Task input:
******************************

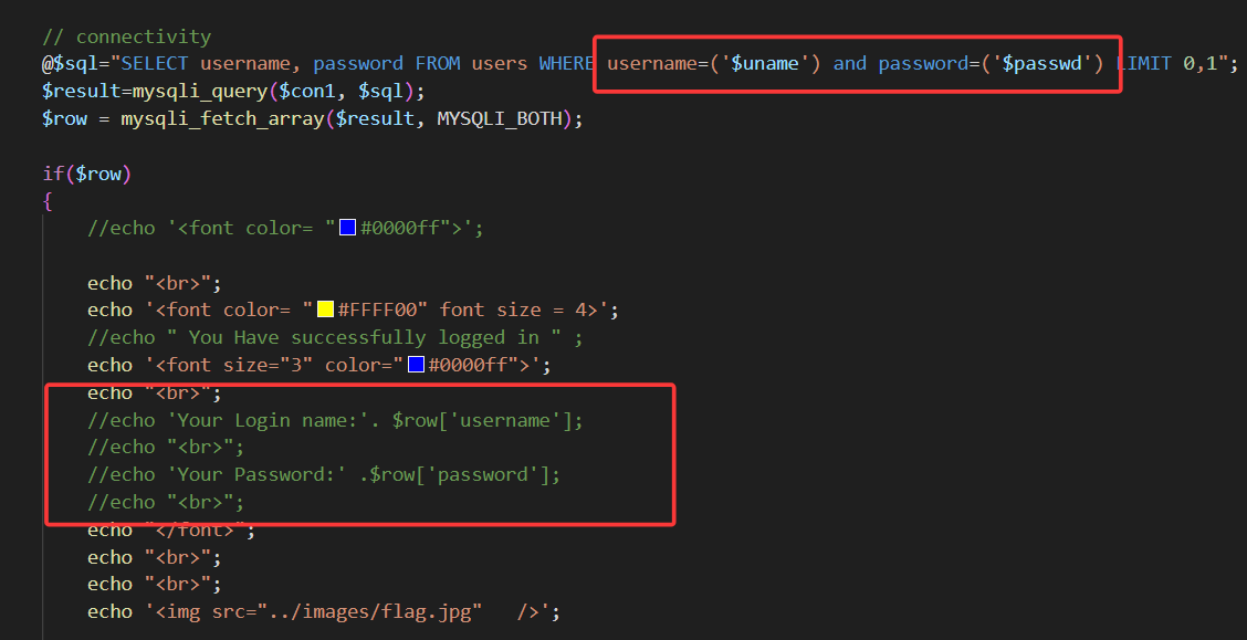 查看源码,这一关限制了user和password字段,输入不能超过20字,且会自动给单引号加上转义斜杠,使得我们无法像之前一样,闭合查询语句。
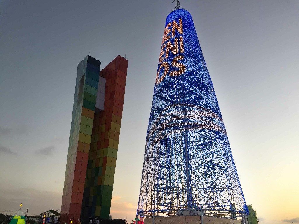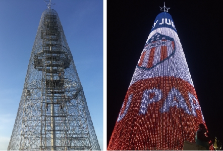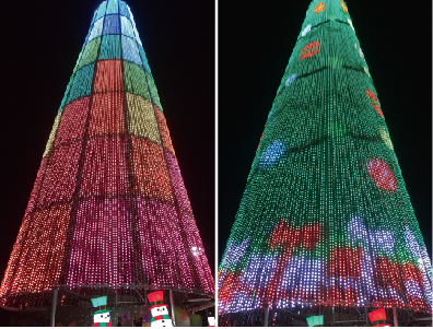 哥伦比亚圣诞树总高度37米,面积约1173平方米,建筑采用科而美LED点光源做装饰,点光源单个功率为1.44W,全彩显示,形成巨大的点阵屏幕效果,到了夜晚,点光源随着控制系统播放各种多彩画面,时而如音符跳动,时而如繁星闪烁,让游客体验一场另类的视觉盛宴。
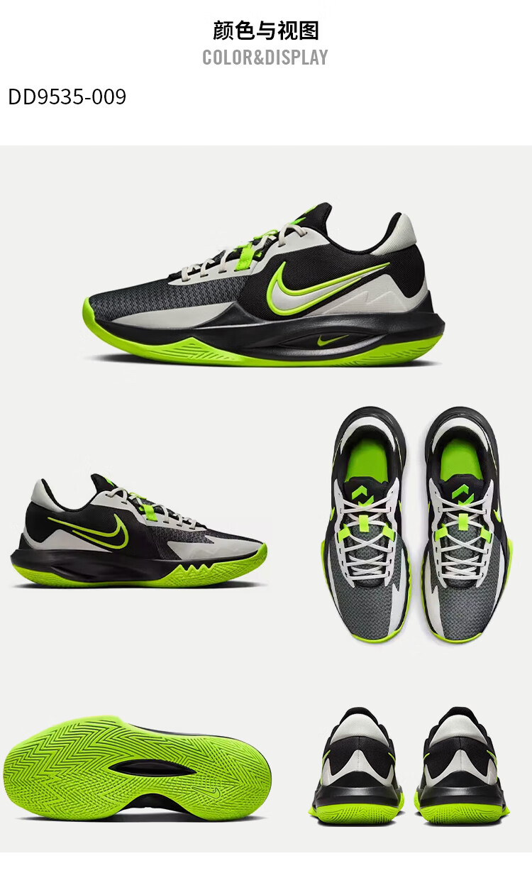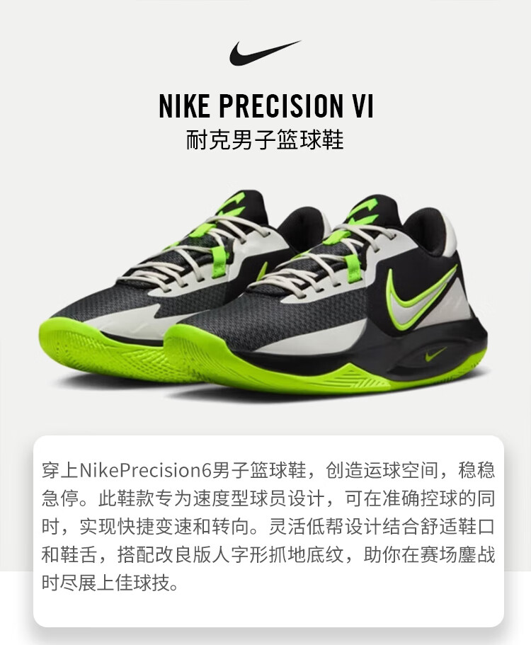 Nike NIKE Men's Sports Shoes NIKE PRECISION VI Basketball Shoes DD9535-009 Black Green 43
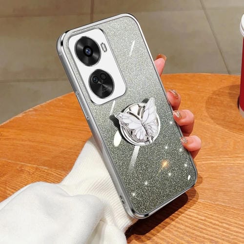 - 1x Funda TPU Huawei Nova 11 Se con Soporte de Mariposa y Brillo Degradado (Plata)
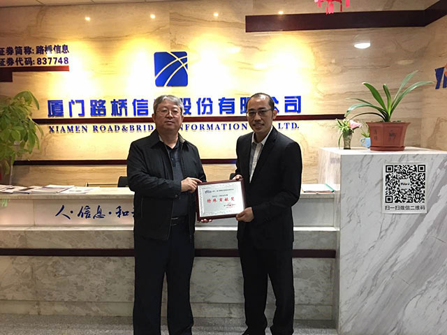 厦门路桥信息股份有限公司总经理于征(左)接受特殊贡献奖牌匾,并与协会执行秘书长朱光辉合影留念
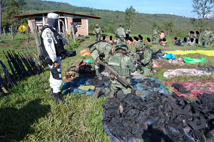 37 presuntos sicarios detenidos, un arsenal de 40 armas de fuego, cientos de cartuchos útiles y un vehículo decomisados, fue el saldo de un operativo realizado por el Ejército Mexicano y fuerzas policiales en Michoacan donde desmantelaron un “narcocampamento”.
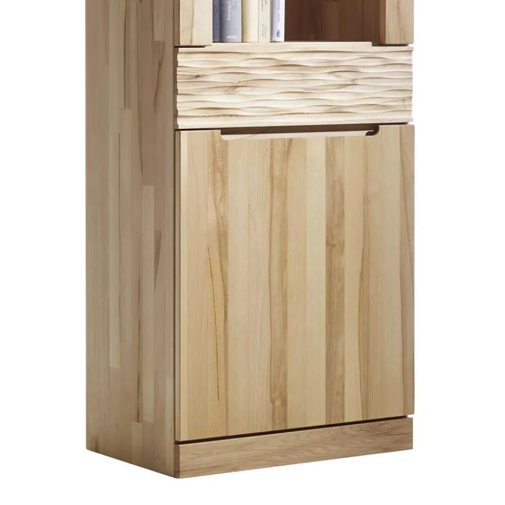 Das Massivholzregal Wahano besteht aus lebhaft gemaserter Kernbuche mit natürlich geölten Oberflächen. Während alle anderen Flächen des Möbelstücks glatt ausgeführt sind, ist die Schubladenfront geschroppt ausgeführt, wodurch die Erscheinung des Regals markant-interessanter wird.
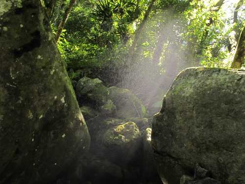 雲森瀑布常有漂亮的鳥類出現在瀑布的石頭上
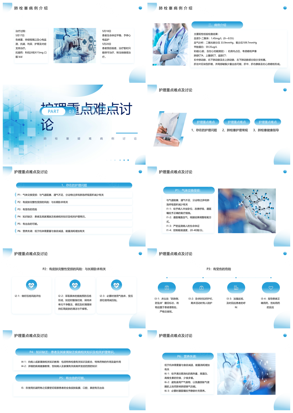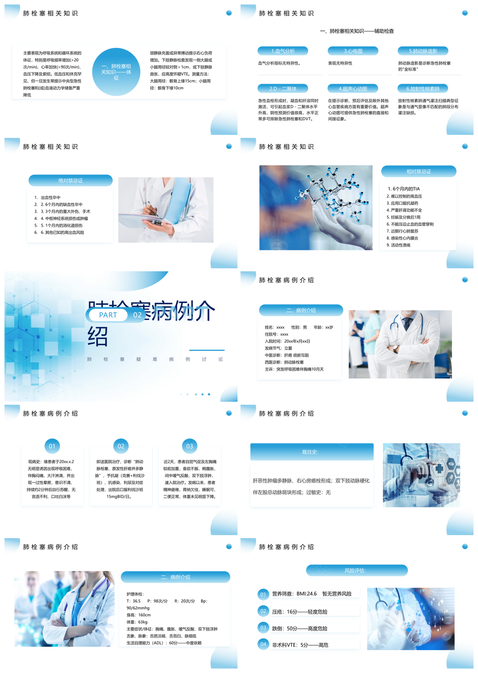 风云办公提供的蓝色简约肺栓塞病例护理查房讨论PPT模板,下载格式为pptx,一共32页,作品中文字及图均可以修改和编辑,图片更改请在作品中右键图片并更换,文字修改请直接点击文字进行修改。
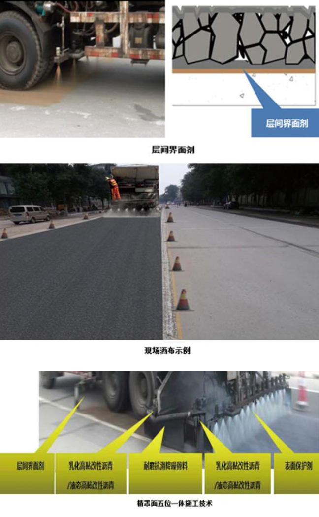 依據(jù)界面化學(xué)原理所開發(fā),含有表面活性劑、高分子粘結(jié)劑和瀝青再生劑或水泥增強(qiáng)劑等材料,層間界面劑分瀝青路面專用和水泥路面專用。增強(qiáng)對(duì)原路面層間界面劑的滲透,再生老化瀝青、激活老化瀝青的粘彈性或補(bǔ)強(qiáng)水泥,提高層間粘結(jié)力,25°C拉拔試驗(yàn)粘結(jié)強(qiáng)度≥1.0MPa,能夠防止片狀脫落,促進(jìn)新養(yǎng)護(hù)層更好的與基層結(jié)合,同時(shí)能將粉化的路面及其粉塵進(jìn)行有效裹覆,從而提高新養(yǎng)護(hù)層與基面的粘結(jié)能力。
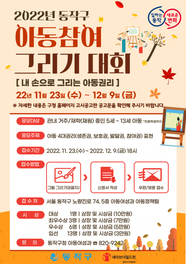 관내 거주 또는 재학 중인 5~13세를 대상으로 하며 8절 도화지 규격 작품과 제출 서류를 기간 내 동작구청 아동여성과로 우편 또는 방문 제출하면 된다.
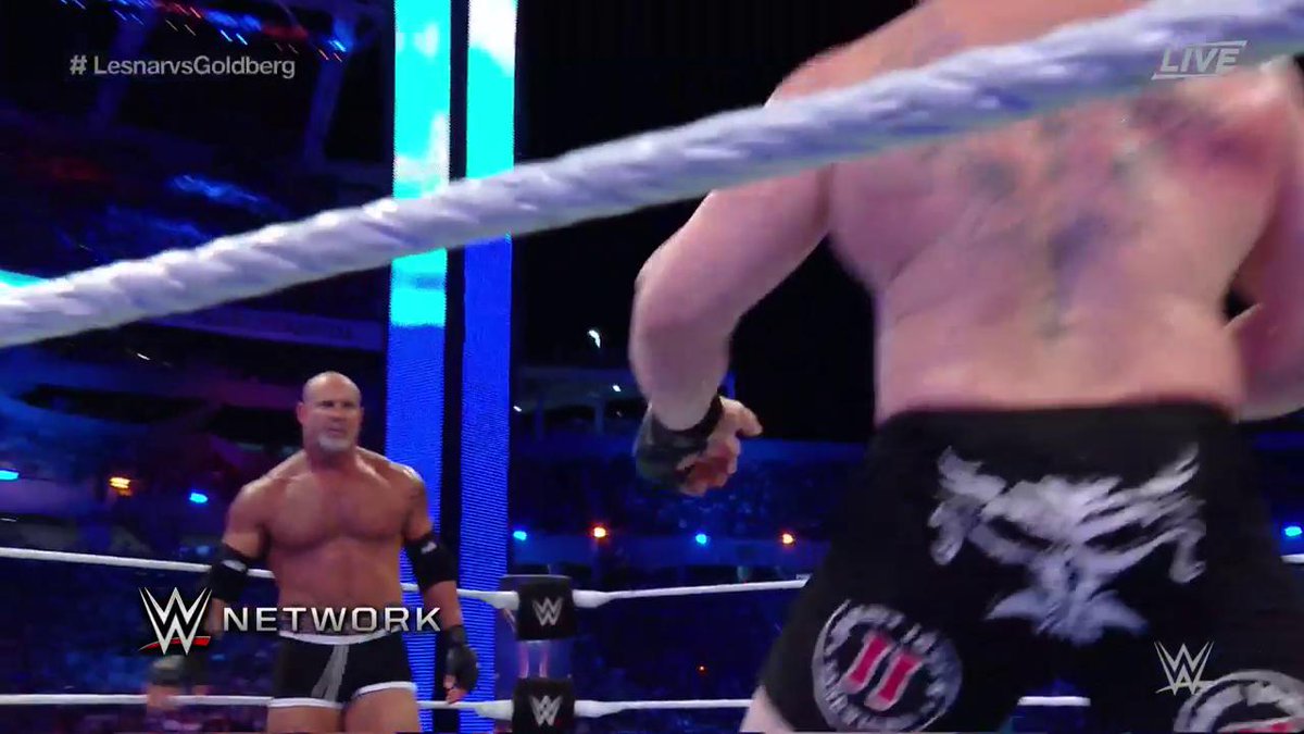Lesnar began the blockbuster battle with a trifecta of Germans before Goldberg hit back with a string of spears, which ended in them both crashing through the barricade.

******************************

Everything above from the line containing "Das Massivholzregal Wahano" down to the line containing "雲森瀑布常有漂亮的鳥類出現在瀑布的石頭上" is to be duplicated exactly, both lines included, and the pictures are to be omitted.

Response to this task:
 Das Massivholzregal Wahano besteht aus lebhaft gemaserter Kernbuche mit natürlich geölten Oberflächen. Während alle anderen Flächen des Möbelstücks glatt ausgeführt sind, ist die Schubladenfront geschroppt ausgeführt, wodurch die Erscheinung des Regals markant-interessanter wird.
 雲森瀑布常有漂亮的鳥類出現在瀑布的石頭上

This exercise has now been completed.